As soon as Doug walked away, Charlie hurried into the storeroom in the back, past the floor-to-ceiling shelves and into the small washroom. He closed the door and locked it, then leaned over the toilet, his arms braced against the wall, afraid he might throw up. He gasped for breath, trying to calm himself, waiting for the trembling to stop.
The hunter was leaving? The cops were dropping the whole case? So now things would go on as before. Now . . .
He went to the mirror over the sink and unbuttoned his shirt. The sore, red spot was not only still there, it was worse. The red rash had turned a dark brown, and there was an odor coming from it. He hurriedly pulled some paper towels from the dispenser, ran some cold water over them, and tried to dab the area clean. Some brown ooze came off on the towel, but the mark itself wouldn’t go away. He held the wet towel there for a long moment as if the cool water would relieve the fierce burning, but there was no relief.
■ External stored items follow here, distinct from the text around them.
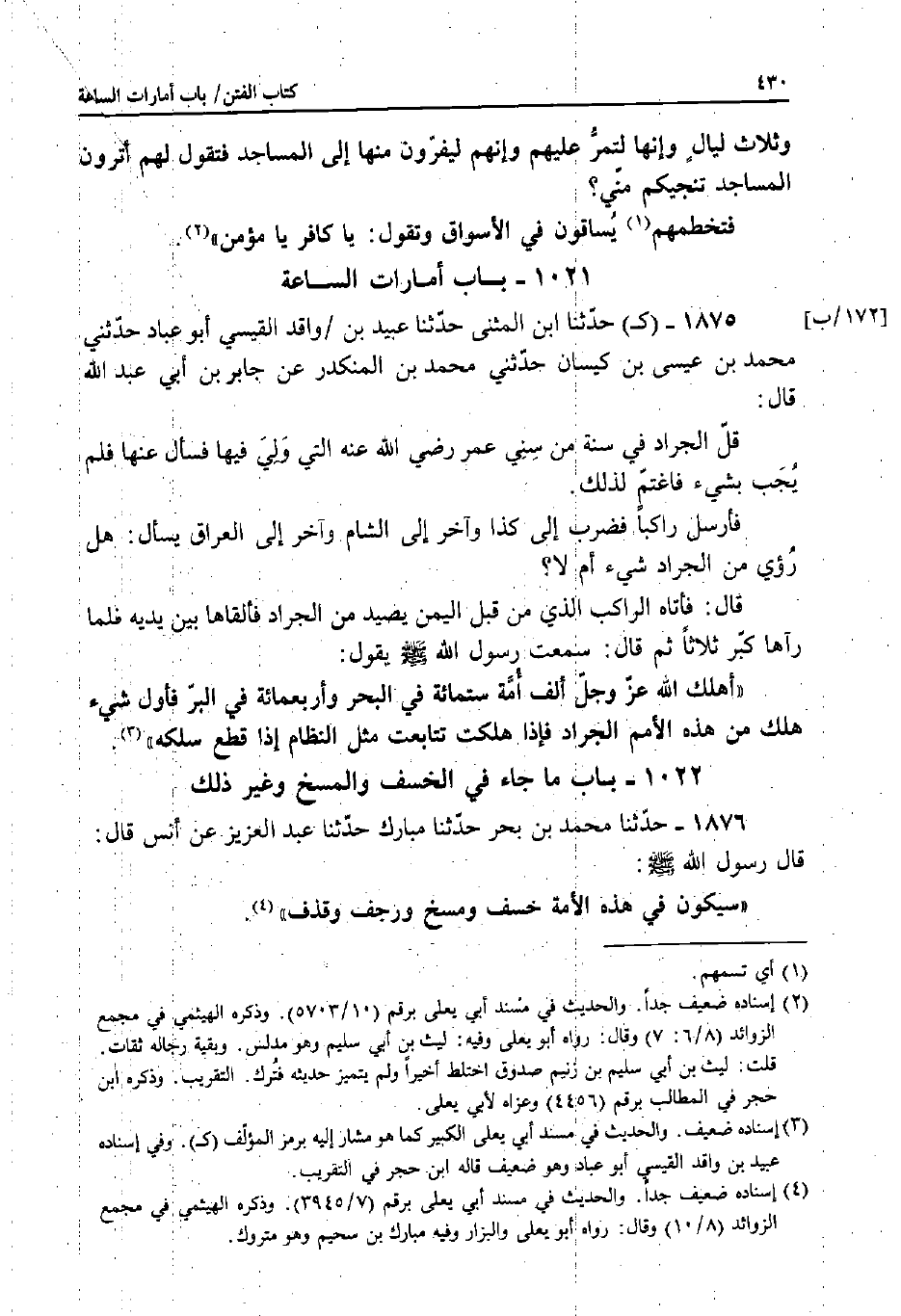 1875 - (كـ) حَدَّثَنَا ابْنُ الْمُثَنَّى، حَدَّثَنَا عُبَيْدُ بْنُ وَاقِدٍ الْقَيْسِيُّ أَبُو عَبَّادٍ، حَدَّثَنِي مُحَمَّدُ بْنُ عِيسَى بْنِ كَيْسَانَ، حَدَّثَنِي مُحَمَّدُ بْنُ الْمُنْكَدِرِ، عَنْ جَابِرِ بْنِ أَبِي عَبْدِ اللَّهِ قَالَ: قَلَّ الْجَرَادُ فِي سَنَةٍ مِنْ سِنِيِّ عُمَرَ رَضِيَ اللَّهُ عَنْهُ الَّتِي وَلِيَ فِيهَا فَسَأَلَ عَنْهَا فَلَمْ يُجَبْ بِشَيْءٍ فَاغْتَمَّ لِذَلِكَ.
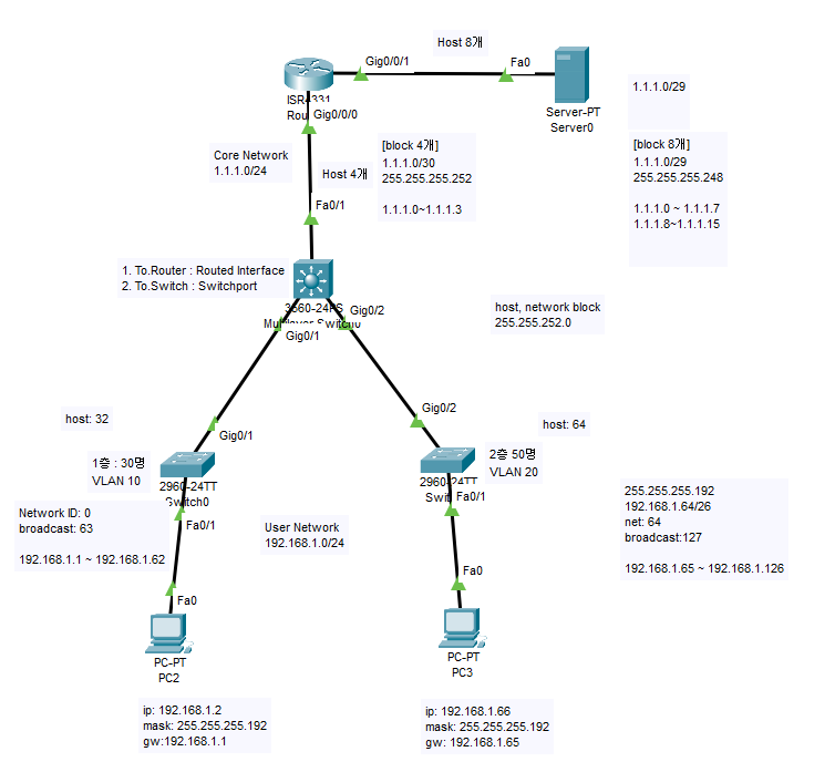 ip route 192.168.1.0 255.255.255.192 1.1.1.2
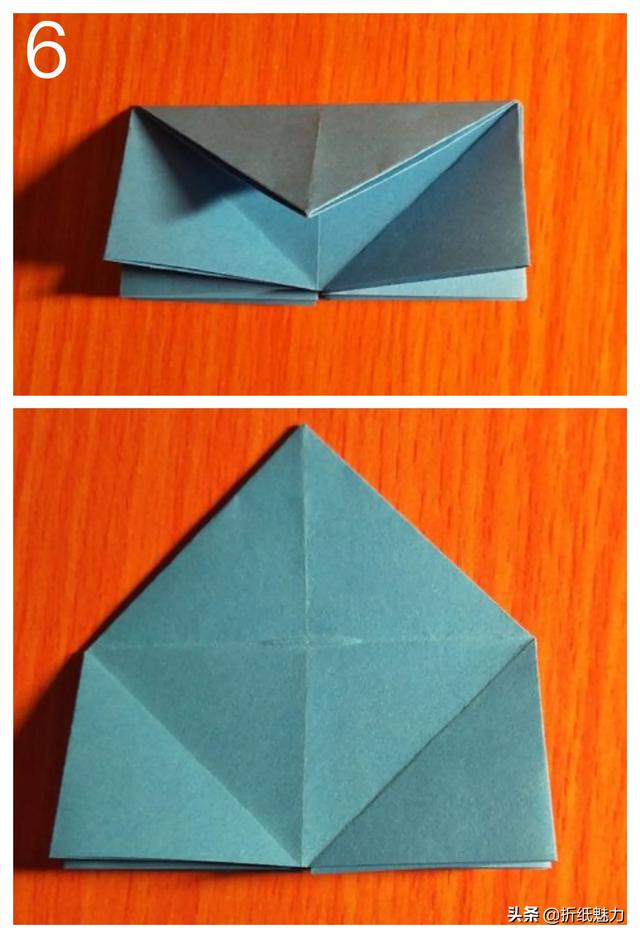 6.折纸上方角下折,压出折痕后展开,
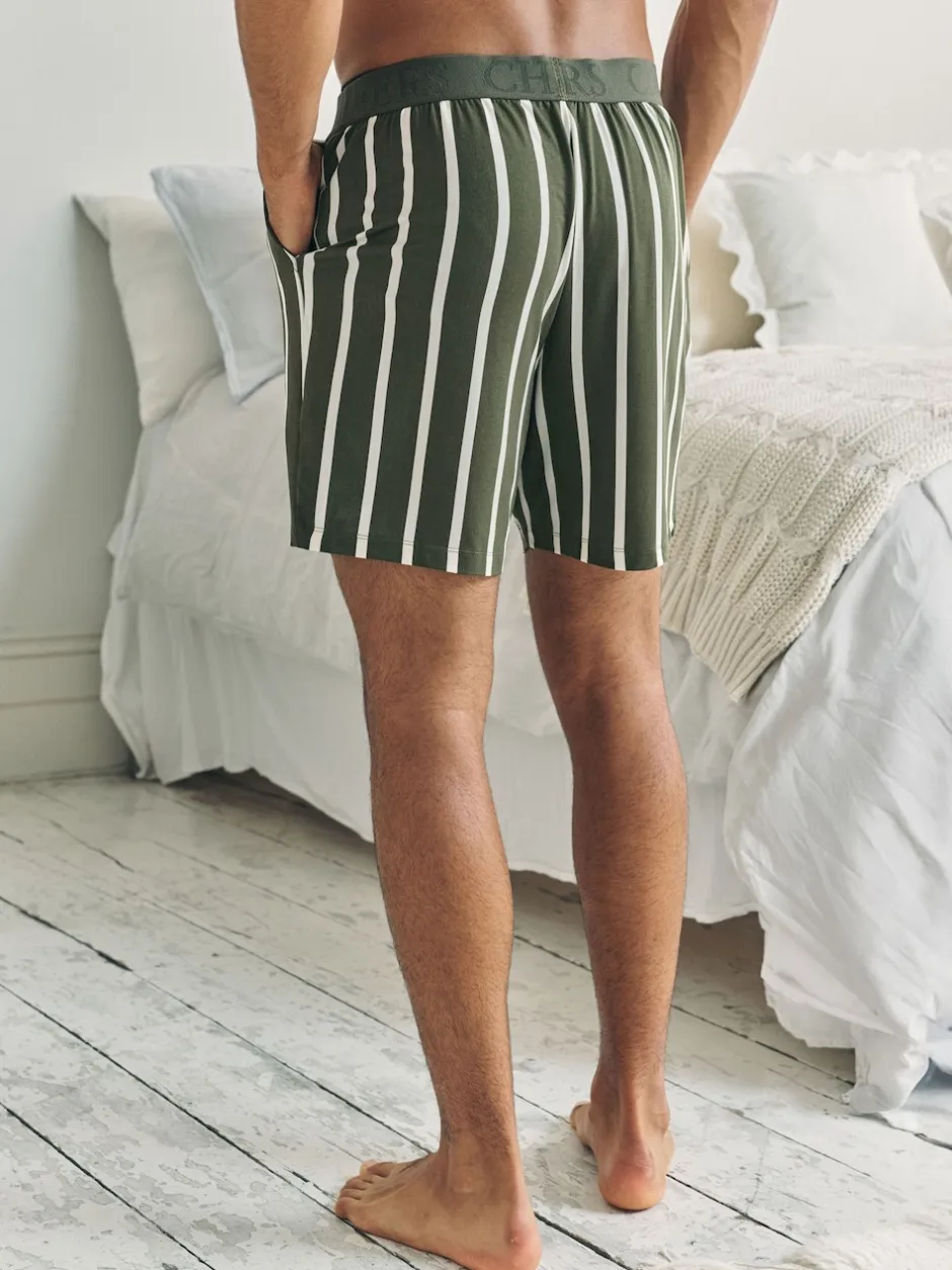 Chelsea Peers Short de pyjama à rayures boutonné – kaki
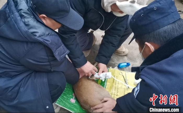 圖為移民管理警察與獸醫(yī)站人員為赤麂包扎傷口。 肖應(yīng)天 攝

He began to shudder. “Oh, please. I’m only trying to survive around here. I didn’t mean it—please—I swear, I didn’t mean it.”
One of the more bizarre incidents of the great flood of
1953
was the washing out of the Hyde River Cemetery in which some thirty-six coffins were unearthed and carried away by the raging floodwaters. Of the thirty-three coffins recovered, eighteen contained no remains and were apparently buried empty. What became of the bodies? Were there any bodies to begin with? The secret of the empty coffins was buried with them in a new cemetery and has remained a mystery to this day.
From
World of the Dim Unknown: True Accounts of the Bizarre and the Supernatural,
edited by Fraser Sullivan
T
HURSDAY
AFTERNOON
, four days after the trucker found her on Wells Peak, Evelyn was ready to go home. Her physical strength had returned; her injuries, none of them major, were well on their way to healing. Being home again with her sons, the dog, and her folks would be the best medicine.
Her son Travis, athletic and handsome at eighteen, had driven the family pickup with its camper back from the parking area at the base of the Staircase Trail. Now, with Travis driving, her mother, Audrey, sitting beside her, and her father, Elbert, following in his Ford, Evelyn stopped by the Tamarack Motel in West Fork to visit with Steve one more time before heading back over Johnson’s Pass to Oak Springs and home. They met in the parking lot outside Steve’s room. Evelyn wanted to be outdoors, in the sunshine. She had asked her parents and her son for a few private moments with Steve.
“You look great,” Steve said, and meant it.
“I’m standing. I’m walking, I’m talking. That’s got to be some improvement.”
Evelyn wasn’t beautiful in the traditional sense, but Steve had always thought her very attractive. She was tall and strong, normally had a mischievous glint in her eyes, and tended to face life with a patiently assertive nature and a sense of humor that he had always admired.
“So we know about me,” she said. “How are you doing?”
He knew she wouldn’t accept any answer but an honest one. “I’m sad, I’m angry, I’m unsettled.”